- _Problem details_:
Each record below must be reproduced exactly as it reads, with its images omitted.

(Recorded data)

——————

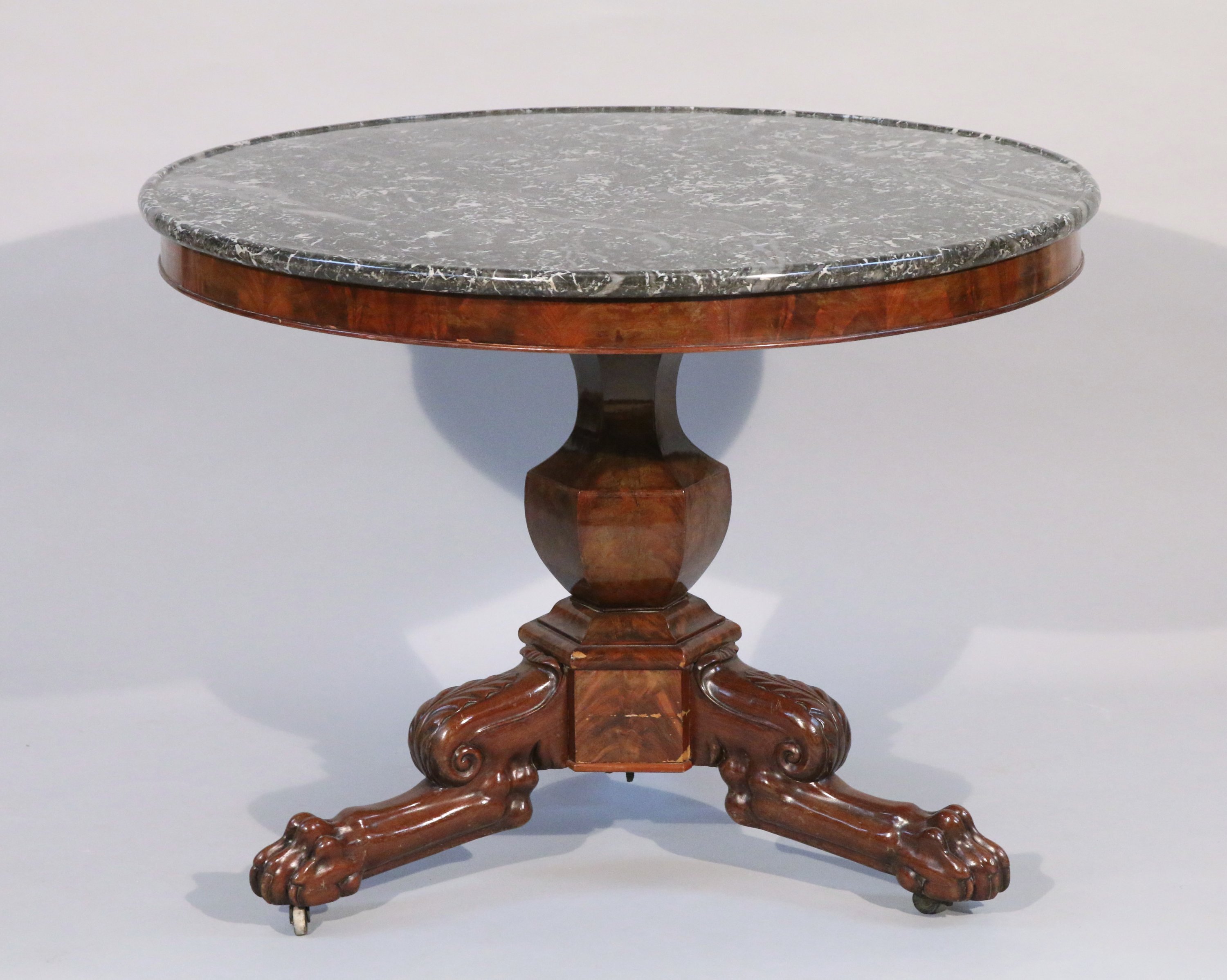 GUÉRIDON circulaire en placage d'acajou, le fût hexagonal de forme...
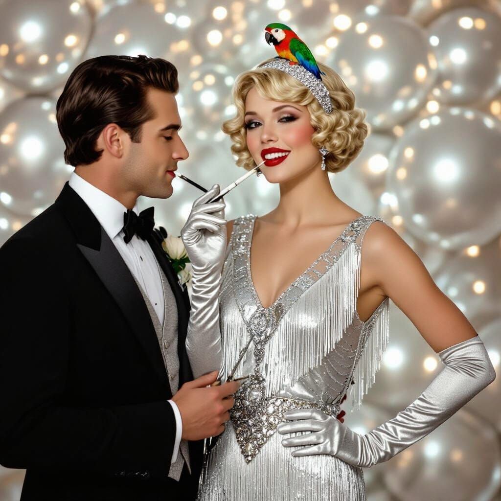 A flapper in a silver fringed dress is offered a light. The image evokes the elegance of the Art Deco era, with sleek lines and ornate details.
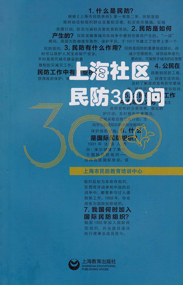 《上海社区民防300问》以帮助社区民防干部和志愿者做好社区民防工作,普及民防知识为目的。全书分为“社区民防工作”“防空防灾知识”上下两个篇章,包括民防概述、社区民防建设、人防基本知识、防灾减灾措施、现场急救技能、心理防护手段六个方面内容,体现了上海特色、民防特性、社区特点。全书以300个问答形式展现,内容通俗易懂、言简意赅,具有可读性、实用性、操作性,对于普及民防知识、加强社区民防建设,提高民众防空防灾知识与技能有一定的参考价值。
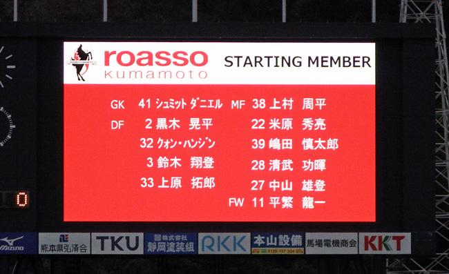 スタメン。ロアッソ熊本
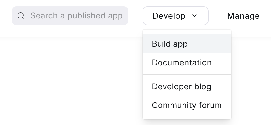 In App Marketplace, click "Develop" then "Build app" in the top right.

——————

- _Solution for this exercise_:
 GUÉRIDON circulaire en placage d'acajou, le fût hexagonal de forme...
 A flapper in a silver fringed dress is offered a light. The image evokes the elegance of the Art Deco era, with sleek lines and ornate details.
 《上海社区民防300问》以帮助社区民防干部和志愿者做好社区民防工作,普及民防知识为目的。全书分为“社区民防工作”“防空防灾知识”上下两个篇章,包括民防概述、社区民防建设、人防基本知识、防灾减灾措施、现场急救技能、心理防护手段六个方面内容,体现了上海特色、民防特性、社区特点。全书以300个问答形式展现,内容通俗易懂、言简意赅,具有可读性、实用性、操作性,对于普及民防知识、加强社区民防建设,提高民众防空防灾知识与技能有一定的参考价值。
 スタメン。ロアッソ熊本
 In App Marketplace, click "Develop" then "Build app" in the top right.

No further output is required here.